What is the average total number of steps taken per day?

totalsteps <- activityL %>% group_by(date) %>%
  summarise(steps=mean(steps))

ggplot(totalsteps,aes(date,steps,fill=steps))+
  geom_histogram(stat = "identity",color="black",)+
  labs(x="Date",y="Total Steps")+
  theme(legend.position = "none")+
  ggtitle("Average Total Number of Steps Taken Per Day")

The Mean across all days

median(totalsteps$steps,na.rm = TRUE)

mean(totalsteps$steps,na.rm = TRUE)
## [1] 37.3826

The Median across all days

median(totalsteps$steps,na.rm = TRUE)
## [1] 37.37847

What is the average daily activity pattern?

interval <- activityL %>%group_by(interval) %>%
  summarise(mean=mean(steps,na.rm = TRUE))

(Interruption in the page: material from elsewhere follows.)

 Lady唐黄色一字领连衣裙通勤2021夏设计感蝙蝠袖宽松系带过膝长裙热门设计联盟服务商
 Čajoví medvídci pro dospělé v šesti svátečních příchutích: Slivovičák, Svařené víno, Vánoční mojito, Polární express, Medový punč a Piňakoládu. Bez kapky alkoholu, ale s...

ggplot(interval,aes(interval,mean))+
  geom_line(size=1.2,color="darkblue")+
  labs(x="Interval",y="Averaged across all days") +
  ggtitle("Daily Activity Pattern")

Max 5 minutes interval

interval[which.max(interval$mean),]$interval
## [1] 835

Dealing With NA

Calculating the number of days with missing data

sum(is.na(activityW[4]))
## [1] 8

Imputing missing values through calculating the average steps per day per interval and merging the results with the activities data frame

activity_temp<- activityW %>% group_by(Day)%>%
   summarise_all(funs(mean(.,na.rm = TRUE)))


activity_temp2<- activityW[!complete.cases(activityW),c(1,2,3)]
activity_temp<-activity_temp[c(-2,-3)]

merged <- merge(activity_temp2,activity_temp,by="Day")
merged <- merged[c(2,1,3:ncol(merged))]

Row binding and arranging the data by date

activityW2 <- activityW[complete.cases(activityW),]

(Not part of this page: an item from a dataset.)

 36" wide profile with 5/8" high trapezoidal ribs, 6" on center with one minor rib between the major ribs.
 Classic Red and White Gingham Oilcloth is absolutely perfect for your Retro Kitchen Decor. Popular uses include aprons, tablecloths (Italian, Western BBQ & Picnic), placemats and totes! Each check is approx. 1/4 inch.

activityW2 <- rbind(activityW2,merged)

activityW2 <- activityW2 %>% arrange(date)

Creating long data after fixing NA’s

activityL2 <- gather(activityW2,key ="interval",value="steps",-date,-Day,-week)

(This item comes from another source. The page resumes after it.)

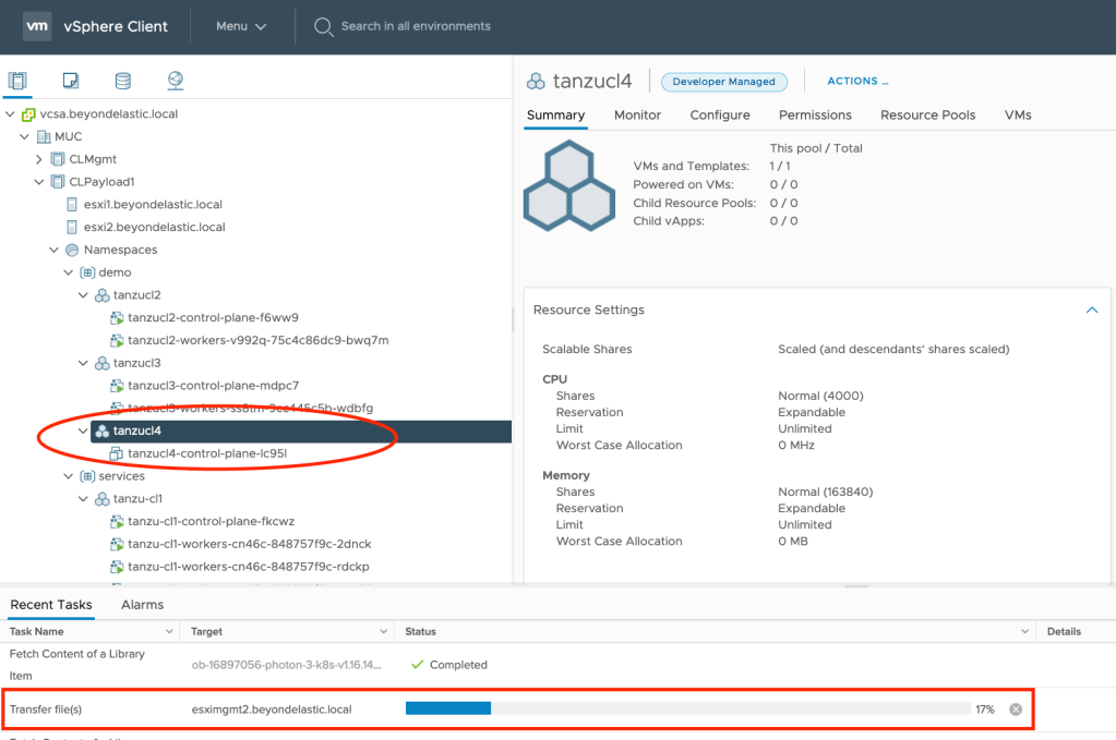This process will take some time as TKG node VMs are being cloned from your vSphere Content Library’s available images.

Calculating mean and plotting the fixed data

totalsteps2 <- activityL2 %>% group_by(date) %>%
  summarise(steps=mean(steps))

ggplot(totalsteps2,aes(date,steps,fill=steps))+
  geom_histogram(stat = "identity",color="black",)+
  labs(x="Date",y="Total Steps")+
  theme(legend.position = "none")+
  ggtitle("Total Number of Steps Taken Per Day")

Mean =

mean(totalsteps2$steps)
## [1] 37.57364

Median =

median(totalsteps2$steps)
## [1] 38.24653

Are there differences in activity patterns between weekdays and weekends?

Plotting Daily Activity Pattern

activityL2$interval <- as.numeric(activityL2$interval)
interval2 <- activityL2 %>%group_by(interval,week) %>%
  summarise(mean=mean(steps))





ggplot(interval2,aes(interval,mean,col=week))+
  geom_line(size=1.2)+
  labs(x="Interval",y="Averaged across all days") +
  ggtitle("Daily Activity Pattern")+
  facet_wrap(~week,nrow = 2)